- Exercise directions
A word-for-word copy of the lines below, starting at the line with "サーモンクリームチーズ巻 えび天巻 えびフライ巻中巻 とろたく巻 ねぎとろ巻" and ending at the last one, is what you should give. Omit every picture.

- Data records
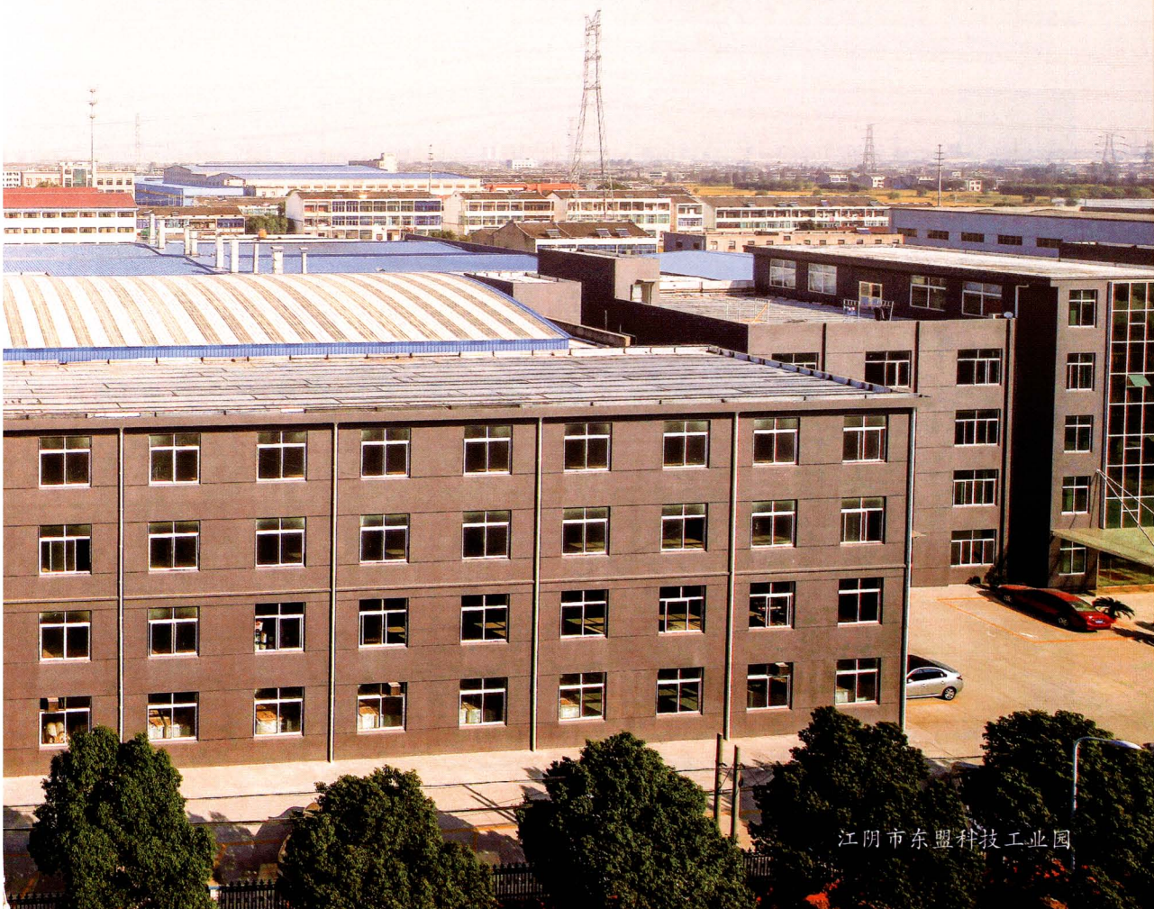
江阴市东盟科技工业园
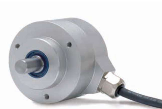
RIQ 400系列（夹紧法兰） 最大轴载荷： 轴向 100 N 径向 125 N
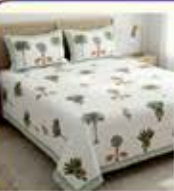
દરેક જાતની બેડ સીટ
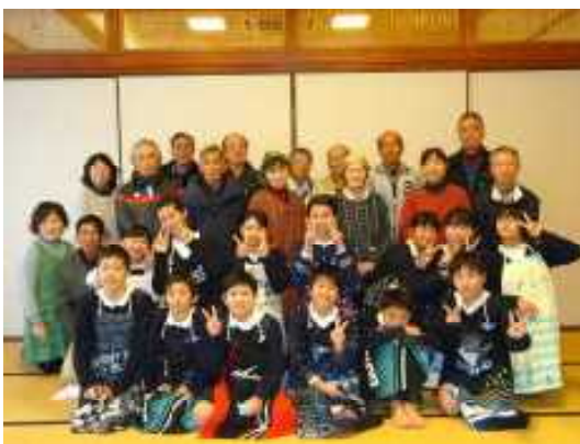
平成最後の餅つき記念写真です
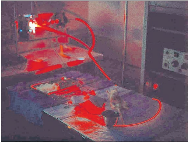
Das Licht wird beim klinischen Einsatz der photodynamischen Therapie über Lichtkabel direkt zum Tumor geführt.
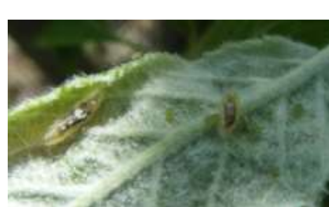
Larves de syrpe

Ce bulletin est une publication gratuite, réalisée en partenariat avec
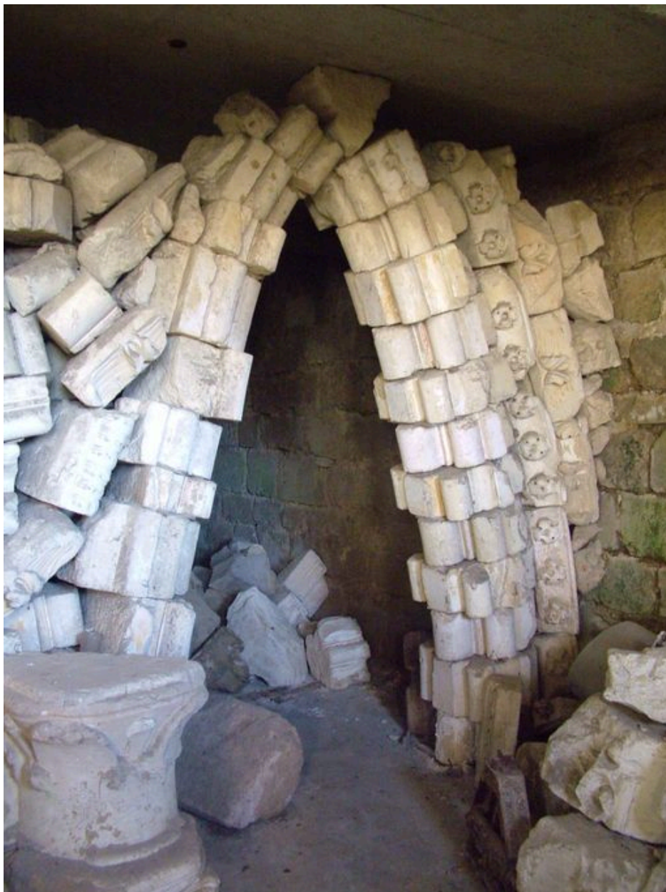
Vue d'une partie du dépôt lapidaire présent dans la crypte.
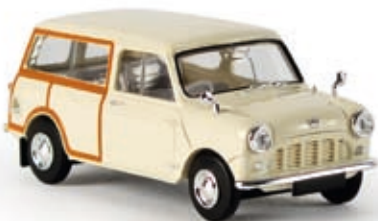
v 15304 Austin Mini Countryman "Woody", weiß (RHD), TD

Als Neuheit erscheint der Mini Countryman nun in der beliebten Variante des "Woody".
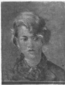
André Derain: Ung flicka.

En utställning av vad den moderna franska konsten har som bäst är alltid ett evenemang; gäller det en så förnämlig konstnär som André Derain blir det en upplevelse. På svensk-franska konstgalleriet utställs för närvarande en samling på ett tretio-tal verk från de sista årens produktion, på ett par undantag när, varav en del ej förut visats offentligt ens i Paris. Deras premiär här i Stockholm kan tagas som ett tecken på de intima förbindelserna mellan svenskt och franskt konstliv, och med tacksamhet kan man åter annotera den roll svensk-franska konstgalleriet spelat därvidlag.
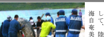
① 巨大タイヤ共同撤去作業
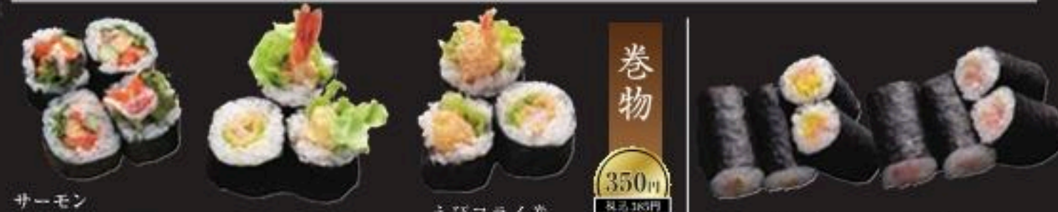
サーモンクリームチーズ巻 えび天巻 えびフライ巻中巻 とろたく巻 ねぎとろ巻
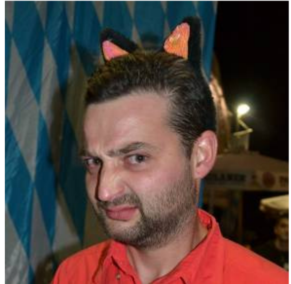
Che bel micione... però forse graffia!
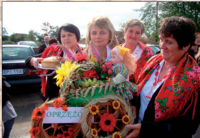
Na zdjęciu: KGW Oprzęzów z wieńcem dożynkowym
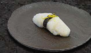
MAŁŻE ŚW. JAKUBA 18 PLN
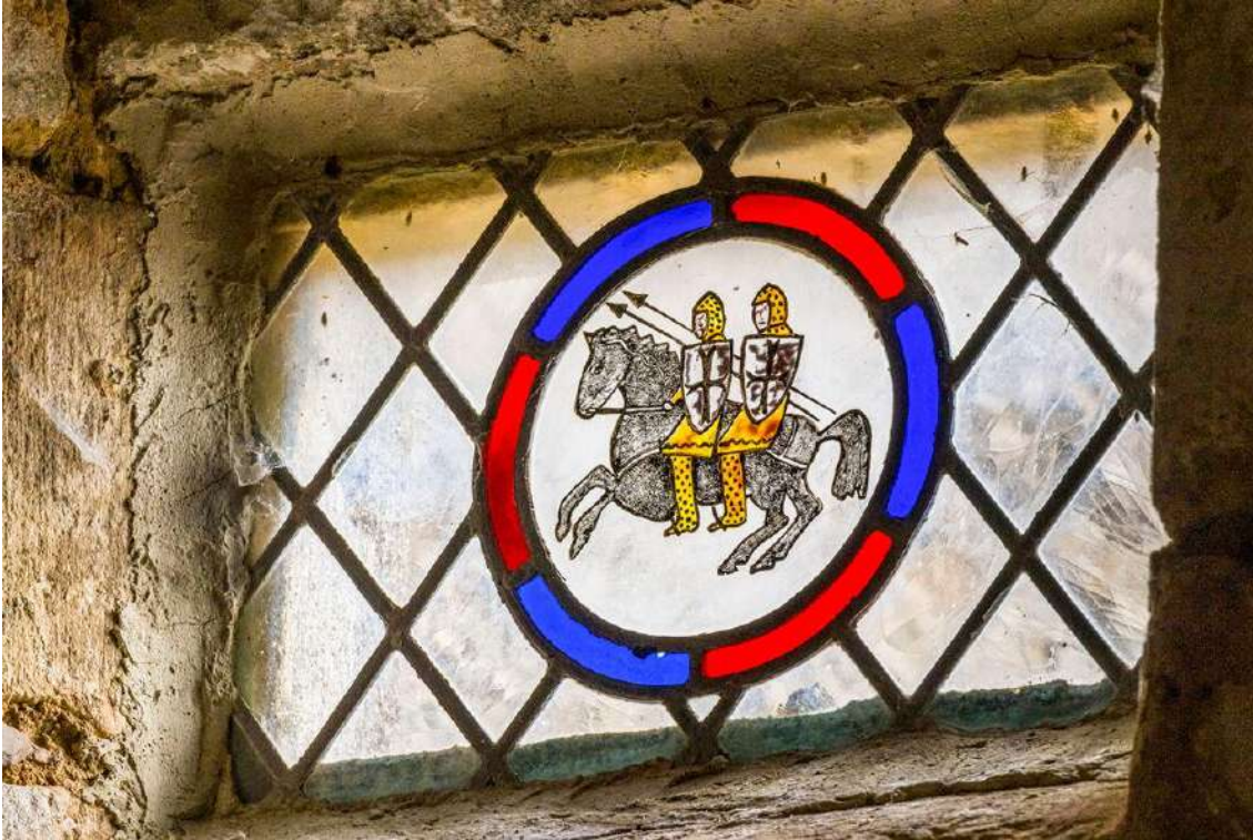
La Commanderie de La Couvertoirade, dans l'Aveyron.
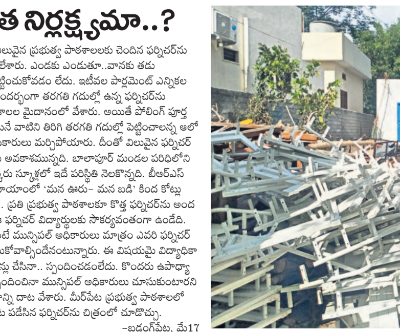
-బడగంపేట, మే 17

టుమాలో అంతే ఆయన ప్రసంగించారు. ప్రతి రోజూ మెట్రో సేవలను 4.5 లక్షల మంది ప్రయాణికులు వినియోగించుకుంటున్నారని, నగలు ట్రేఫ్ పాడవు 12.5 కోట్లమీటర్లు అని వివరించారు. నగరవాసుల నుంచి వచ్చిన విజ్ఞానం దుష్ప్రవృత్తి మెట్రో సమయాన్ని మరో 45 నిమిషాల పాటు పొడిగించినట్లు వెల్లడించారు. కాగా, ఈ మెట్రో రైల్ ఎల్ అండ్ టీ బీఐ ట్రాబిజీ సాధారణంగానే ఉదయం 6 నుంచే సర్వీసులు నడుస్తాయి. పొడిగించిన వేళలు
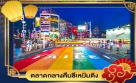
ตลาดกลางคืนซีเหมินติง
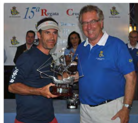
Vencedor Clase Crucero-Regata, 2012
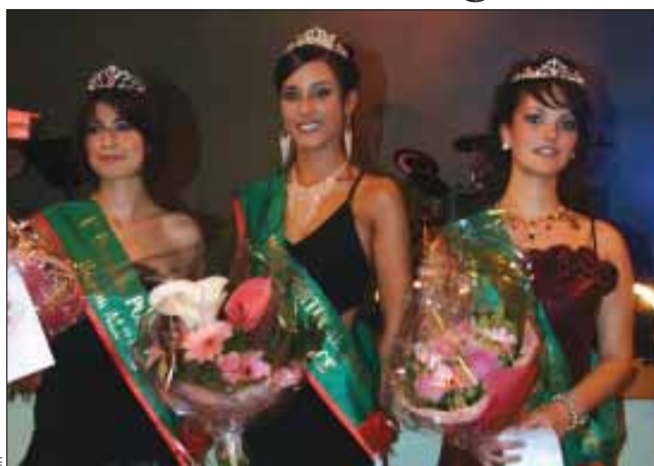
Les trois élués du concours de Guebwiller
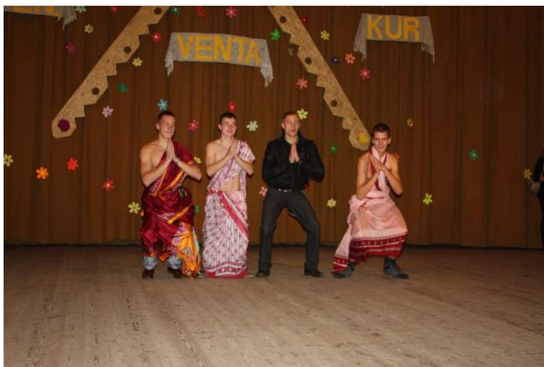
II klasės mokiniai, nukeliavo į Indiją
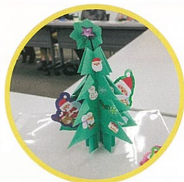
折り紙で手作りの クリスマスツリー

今後こうした、住民同士のつながりにより、お互いに困り事を気軽に相談できる関係づくりを行うための取り組みを進めていきます。
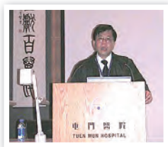
於8月20日在屯門醫院日間醫療中心演講廳舉行半天醫院探訪訓練課程

屯門醫院除平日開放給義工探訪外，亦於每月有一個周六或主日開放給牧者帶領信徒到醫院參與探訪，而參與探訪牧者及信徒必須參與「半天醫院探訪訓練課程」。
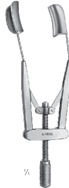
H-1054 Liebermann Lidsperrer, volle Blätter Eye speculum, solid blades Blefaróstato, macizo Blépharostat, plein
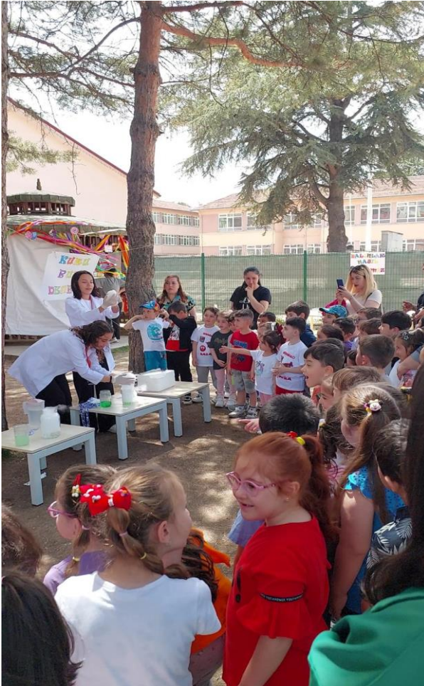
Eğitim Fakültesi Okul Öncesi Bilim Şenliği
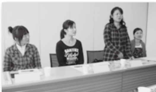
▲気付かなかった貴重な意見がたくさん

平成 23 年度第 1 回外国籍町民会議が中央公民館で開催されました。4人の外国籍住民が参加し、生活して困ったこと・良かったことの見聞交換を行いました。「公共施設にローマ字の表示をして欲しい」、「図書館に外国語の雑誌や小説を置いて欲しい」などいろいろな意見が出されました。
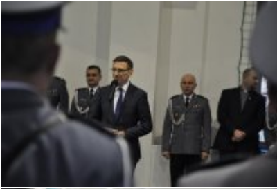
Ślubowanie policjantów 04.01.2018 #41
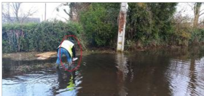
Laisse de crue sur panneau
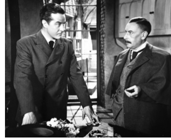
1947 SUPRÊME AVEU (The Imperfect Lady) de Lewis Allen avec Ray Milland
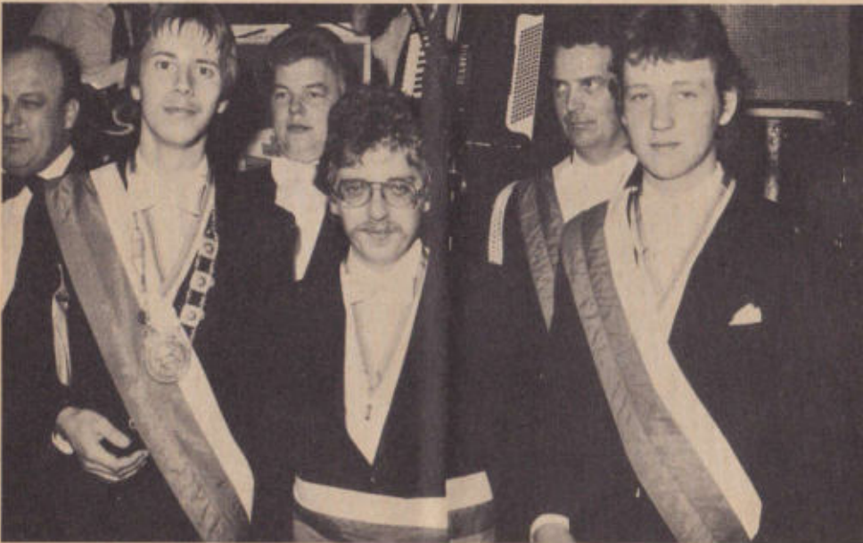
Treffpunkt aller jungen Bürger ist 1980 das Rottlokal in Lambrechts Mühle (Schaumburger Brauerei)
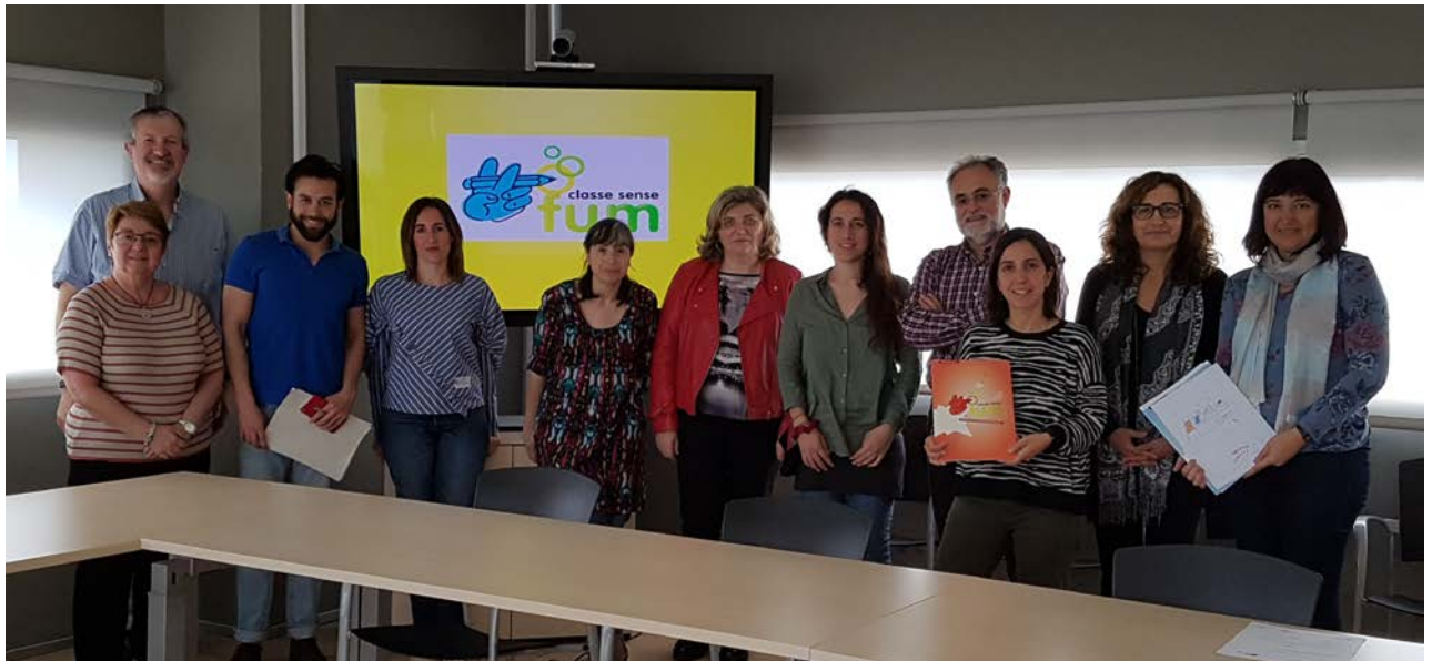
Jurat CsF 2017-18 (15 maig 2018) ASPCAT
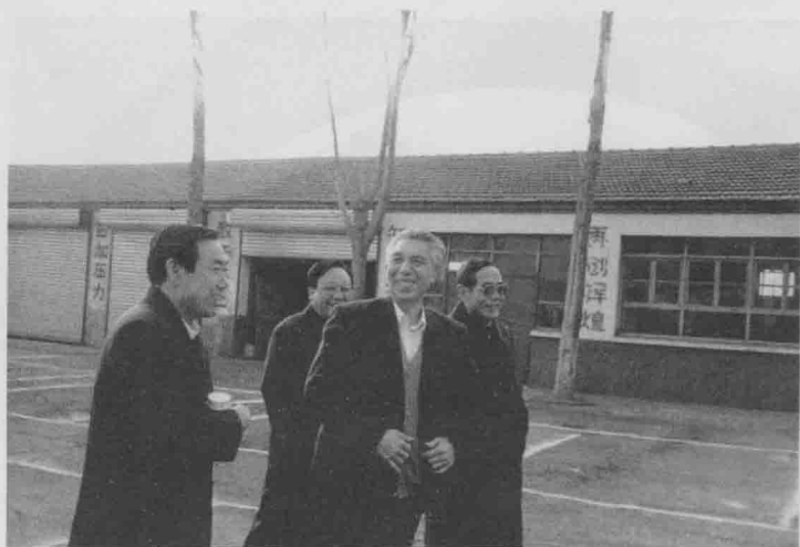
保定市副市长杨廷顺在定兴县委书记金殿元（左二）、县长郑开军（左一）、县人大主任杨玉海陪同下视察李郁庄农机站

- Exercise result
サーモンクリームチーズ巻 えび天巻 えびフライ巻中巻 とろたく巻 ねぎとろ巻
Che bel micione... però forse graffia!
Na zdjęciu: KGW Oprzęzów z wieńcem dożynkowym
MAŁŻE ŚW. JAKUBA 18 PLN
La Commanderie de La Couvertoirade, dans l'Aveyron.
-బడగంపేట, మే 17

టుమాలో అంతే ఆయన ప్రసంగించారు. ప్రతి రోజూ మెట్రో సేవలను 4.5 లక్షల మంది ప్రయాణికులు వినియోగించుకుంటున్నారని, నగలు ట్రేఫ్ పాడవు 12.5 కోట్లమీటర్లు అని వివరించారు. నగరవాసుల నుంచి వచ్చిన విజ్ఞానం దుష్ప్రవృత్తి మెట్రో సమయాన్ని మరో 45 నిమిషాల పాటు పొడిగించినట్లు వెల్లడించారు. కాగా, ఈ మెట్రో రైల్ ఎల్ అండ్ టీ బీఐ ట్రాబిజీ సాధారణంగానే ఉదయం 6 నుంచే సర్వీసులు నడుస్తాయి. పొడిగించిన వేళలు
ตลาดกลางคืนซีเหมินติง
Vencedor Clase Crucero-Regata, 2012
Les trois élués du concours de Guebwiller
II klasės mokiniai, nukeliavo į Indiją
折り紙で手作りの クリスマスツリー

今後こうした、住民同士のつながりにより、お互いに困り事を気軽に相談できる関係づくりを行うための取り組みを進めていきます。
於8月20日在屯門醫院日間醫療中心演講廳舉行半天醫院探訪訓練課程

屯門醫院除平日開放給義工探訪外，亦於每月有一個周六或主日開放給牧者帶領信徒到醫院參與探訪，而參與探訪牧者及信徒必須參與「半天醫院探訪訓練課程」。
H-1054 Liebermann Lidsperrer, volle Blätter Eye speculum, solid blades Blefaróstato, macizo Blépharostat, plein
Eğitim Fakültesi Okul Öncesi Bilim Şenliği
▲気付かなかった貴重な意見がたくさん

平成 23 年度第 1 回外国籍町民会議が中央公民館で開催されました。4人の外国籍住民が参加し、生活して困ったこと・良かったことの見聞交換を行いました。「公共施設にローマ字の表示をして欲しい」、「図書館に外国語の雑誌や小説を置いて欲しい」などいろいろな意見が出されました。
Ślubowanie policjantów 04.01.2018 #41
Laisse de crue sur panneau
1947 SUPRÊME AVEU (The Imperfect Lady) de Lewis Allen avec Ray Milland
Treffpunkt aller jungen Bürger ist 1980 das Rottlokal in Lambrechts Mühle (Schaumburger Brauerei)
Jurat CsF 2017-18 (15 maig 2018) ASPCAT
保定市副市长杨廷顺在定兴县委书记金殿元（左二）、县长郑开军（左一）、县人大主任杨玉海陪同下视察李郁庄农机站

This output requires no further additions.